Applications are invited for a postdoctoral fellow position in cancer epidemiology to join Dr. Summer Han’s research group in the Stanford Center for Biomedical Informatics Research at Stanford University. This position emphasizes conducting real-world evidence studies using various causal inference methods (e.g., target trial emulation) to examine efficient cancer screening, surveillance, and treatment strategies using an integrated database of the electronic health records from Stanford Healthcare and Sutter Health, which are linked to the California Cancer Registry, as part of the national SEER registries. The postdoc fellow will work closely with statisticians, computer scientists, oncologists, and epidemiologists in the lab and other collaborating labs at Stanford to tackle emerging clinical questions in oncology, utilizing various AI methods, predictive modeling approaches, and large language models. Specific areas of interest include but are not limited to (1) electronic health records, (2) causal inference, (3) natural language processing and large language models, (4) generative AI, (5) dynamic risk prediction modeling for high-dimensional survival data using longitudinal features, and (6) machine learning and deep learning for analyzing time-to-event outcomes, or (7) radiomics and medical imaging analysis.
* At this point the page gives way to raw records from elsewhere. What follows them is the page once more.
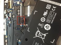 Remove the 6 battery screws then carefully pry the battery connector straight up to remove it.
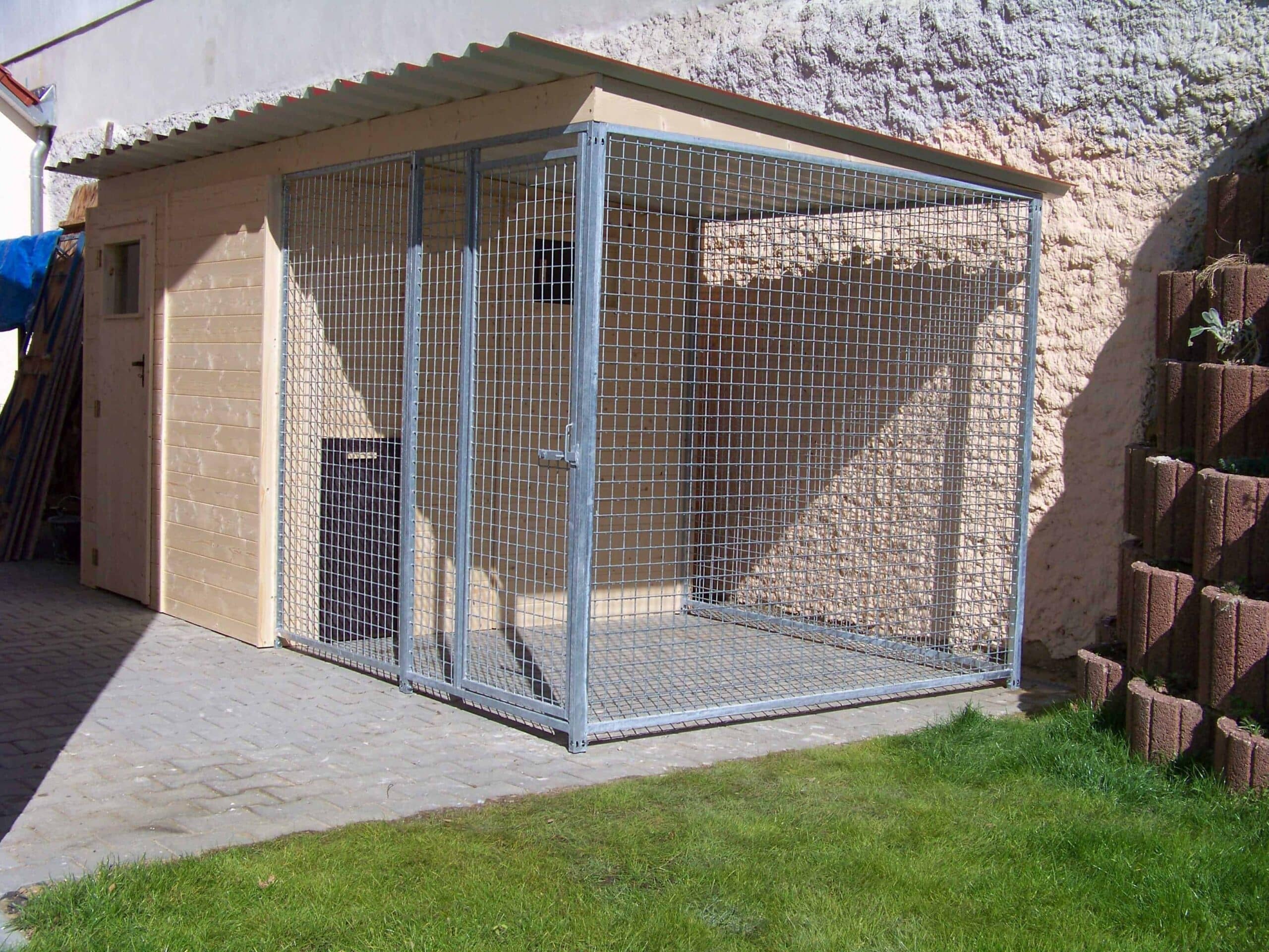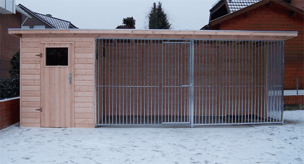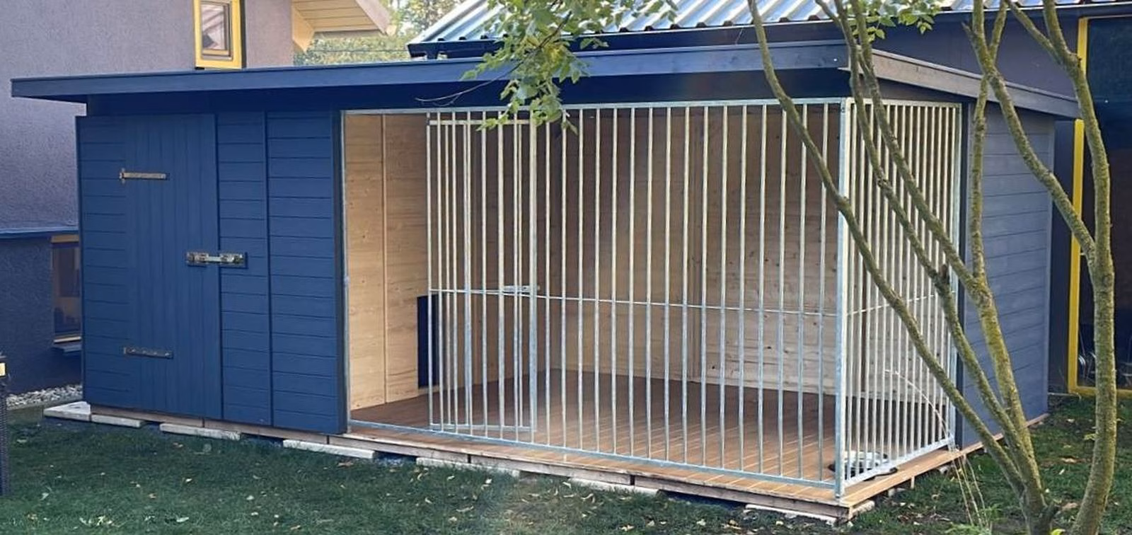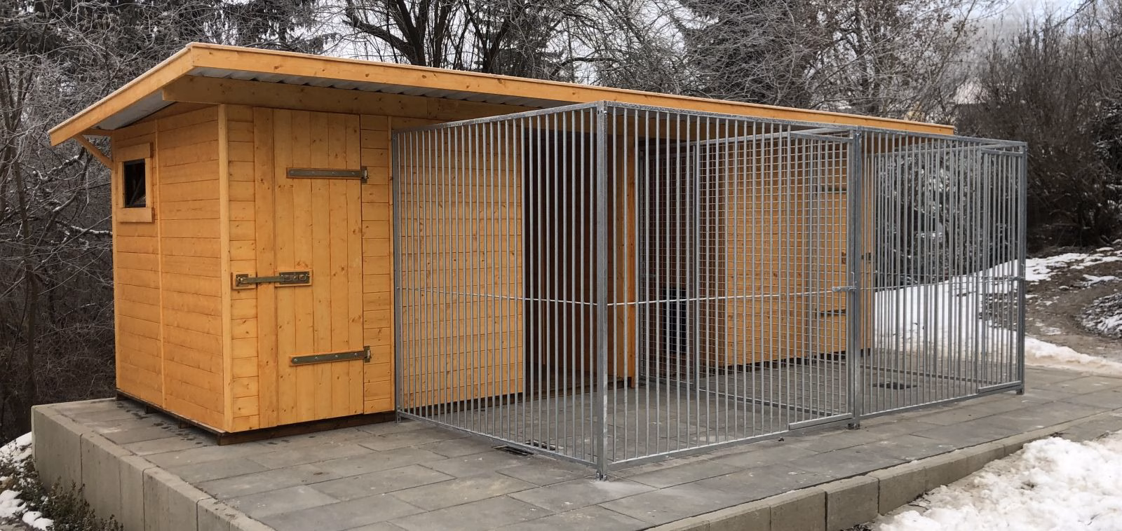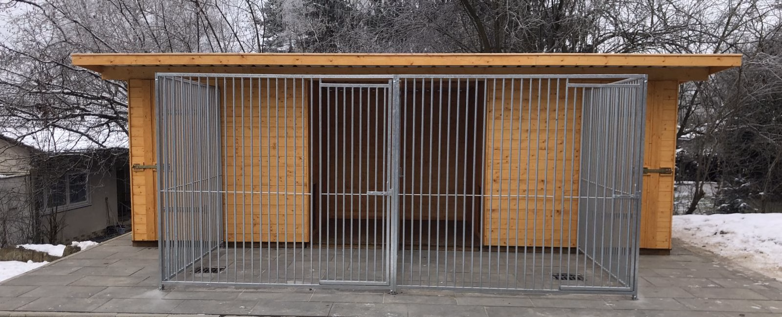 Auf Wunsch kann das Modell auch als Doppelzwinger oder als Teil einer Reihenzwingeranlage gebaut werden – perfekt für Zuchtanlagen oder Mehrhundehaltung.
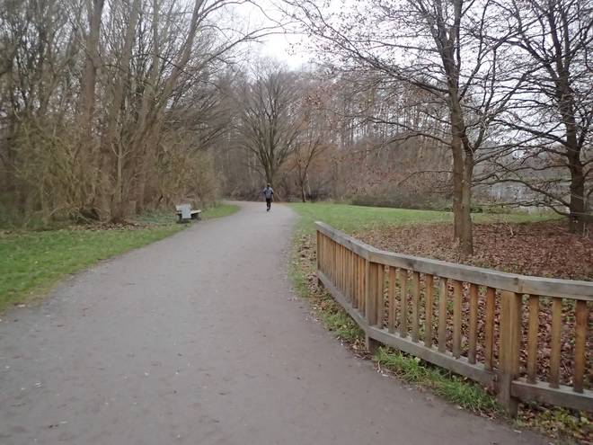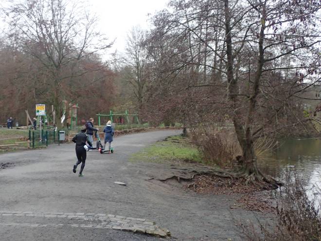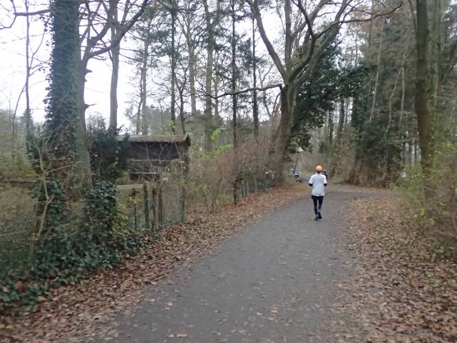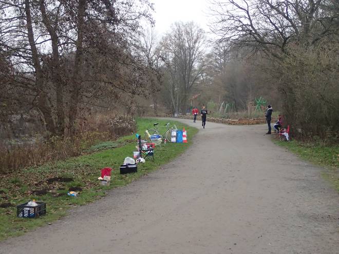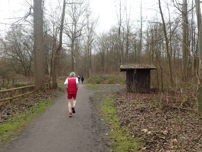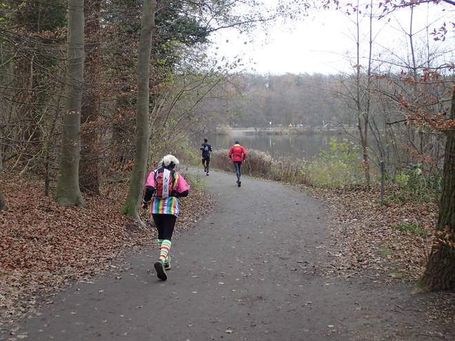Runde 4 11.21 Uhr / Km 14,7 Außerdem vertrieb ich mir die Zeit mit Fotos. Wobei ich aber nur Läufer mit Startnummern fotografierte. Es liefen ja auch Nicht-Teilnehmer unterwegs waren. |
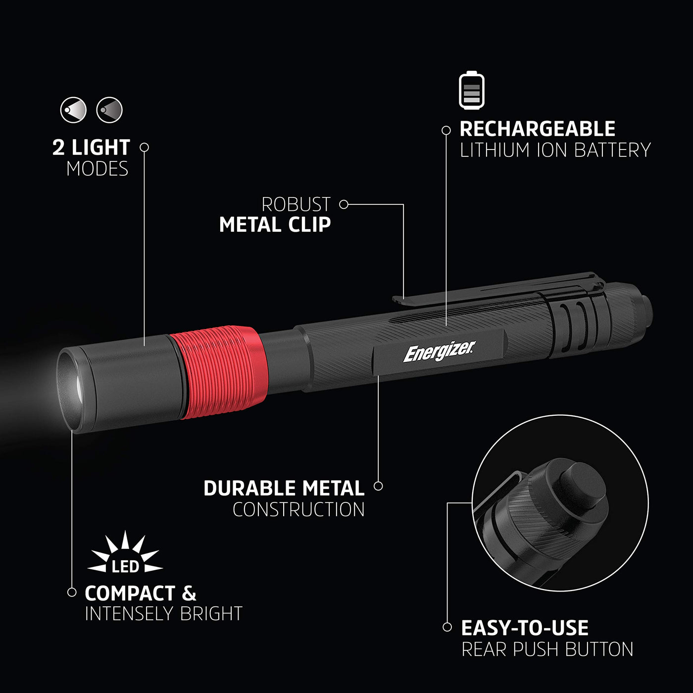 Shine a bright light when you're up close with the Energizer Rechargeable Penlight. This compact flashlight emits a powerful beam and is small enough to slip into your pocket. With a maximum output of 400 lumens on High mode, this directional LED work light is perfect for bright, close-up illumination, making it ideal for reading in the dark or checking equipment during a power outage. The non-removable lithium-ion battery ensures long-lasting performance, allowing you to recharge this portable light repeatedly. Designed with durability in mind, this tough metal flashlight features a user-friendly tail switch and a secure metal clip to attach it to your pocket or tool bag. A USB charging cable is included for added convenience. Trust in Energizer for reliable performance in any situation.
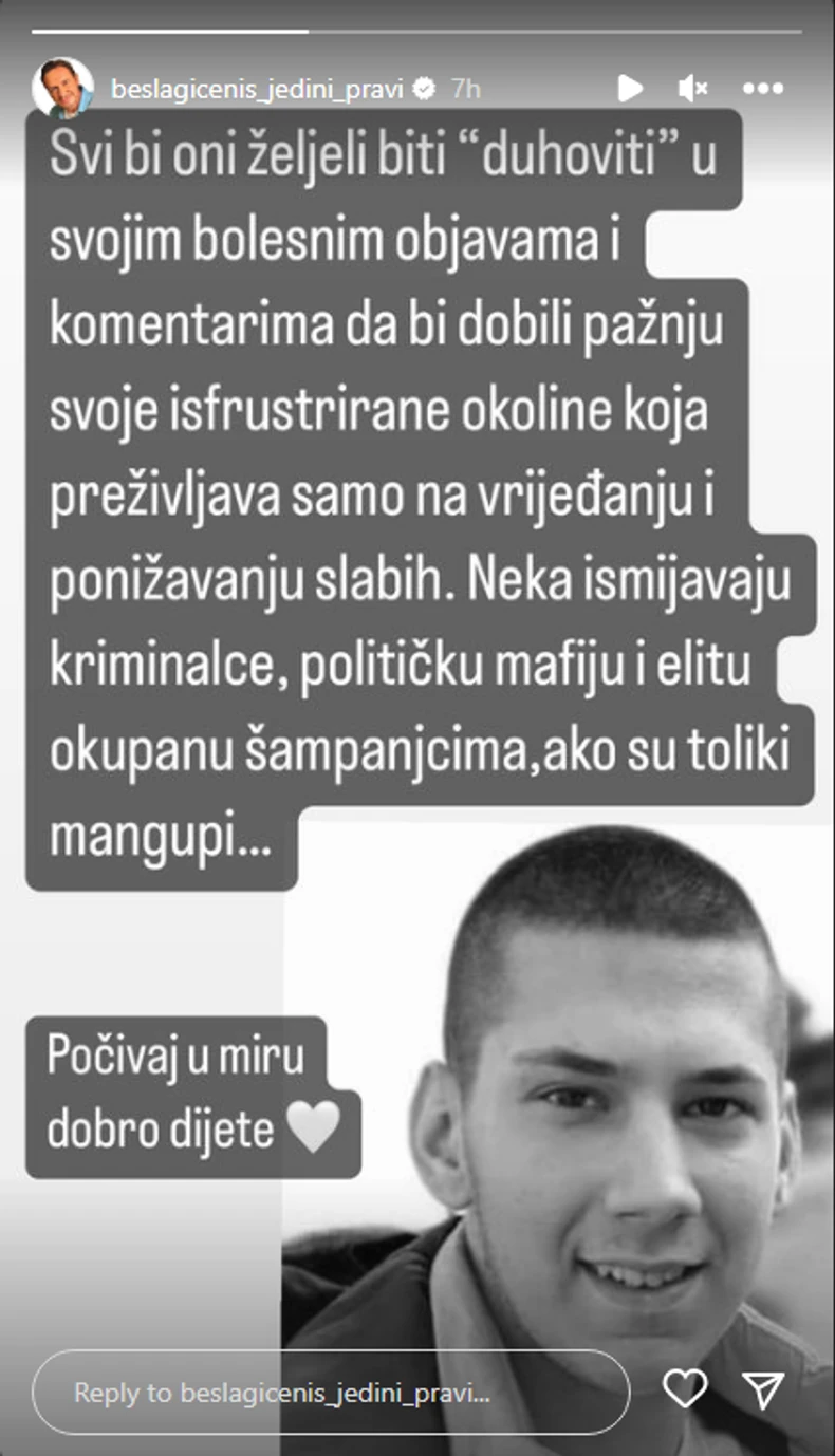 – Svi bi želeli biti “duhoviti” u svojim bolesnim objavama i komentarima da bi dobili pažnju svoje isfrustrirane okoline koja preživljava samo na lečenju i ponižavanju slabih. Neka ismejavaju kriminalce, političku mafiju i elitu okupanu šampanjcem, ako su toliki mangupi…. Počivaj u miru dobro dete – napisao je Bešlagić.
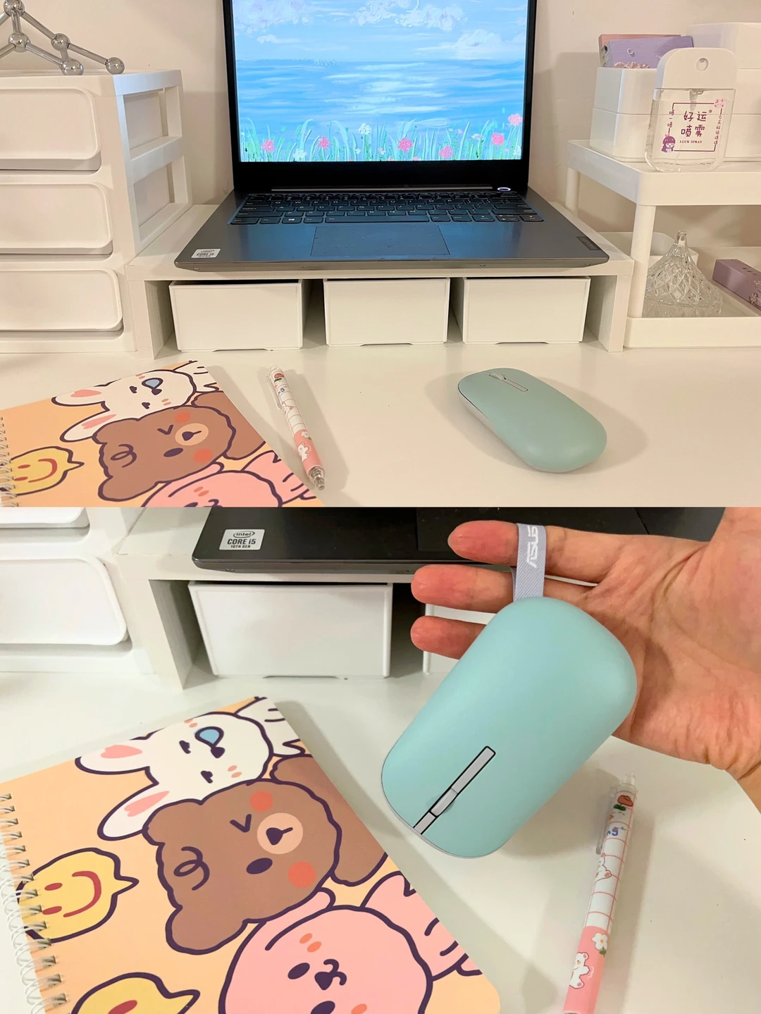 ✨今天蓝牙鼠标到了,有紫色和绿色两个色的磁吸外壳,可以随意变换,都是我hin喜欢的糖果色,🥰手感不错,按键也够静音,自带的挂绳方便携带,居家办公必备呀~
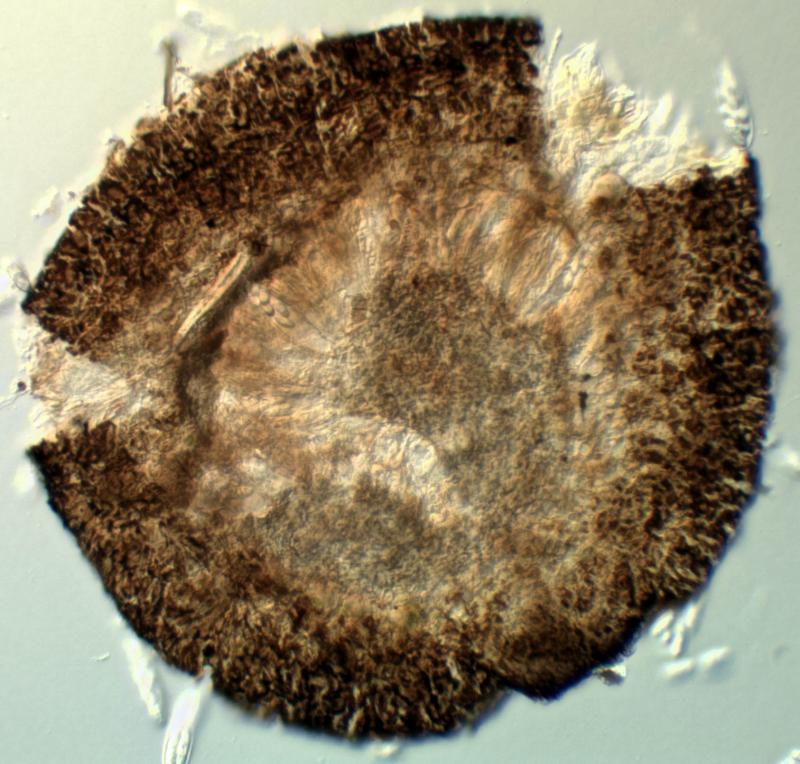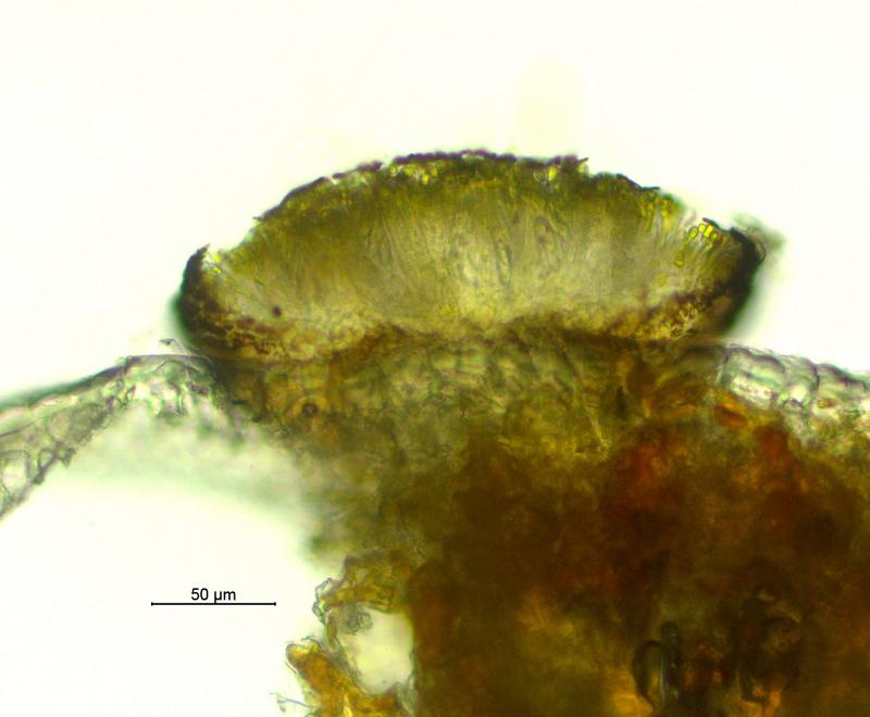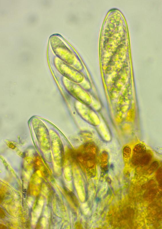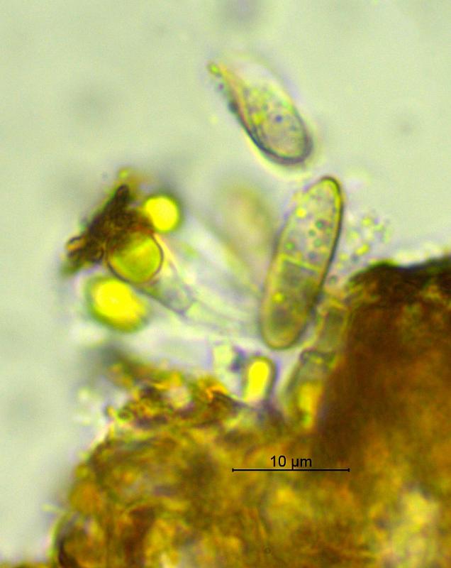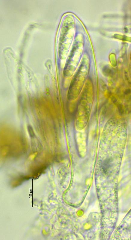 Récolte réalisé sur bois de Vaccinium myrtillus (Tourbiére à 1'017 m), apothécies 0.1 - 0.4 mm de diamètre, sessile, hyménium jaune, surface externe brun foncé, asques octosporés, 58 - 82 x 13 - 16 µm, IKI+, avec crochets, spores hyalines, lisses, multiguttulées, 15 -20 x 4 -5 µm, paraphyses élargies au sommet avec vacuoles réfringentes. Je pense avoir trouvé la même espèce que Chris a présenté dans ce forum. Merci d'avance.

We seek an individual with strong statistical and computing backgrounds. Successful applicants should have a Ph.D. degree in epidemiology (or biostatistics or a related field). Strong programming skills in R are required, and experience in SQL or other databases is welcome.
A cover letter, CV, a short description of research interests, and contact information of three referees to: Summer Han, Ph.D. (summer.han@stanford.edu)
Stanford is an equal opportunity employer and all qualified applicants will receive consideration without regard to race, color, religion, sex, sexual orientation, gender identity, national origin, disability, veteran status, or any other characteristic protected by law.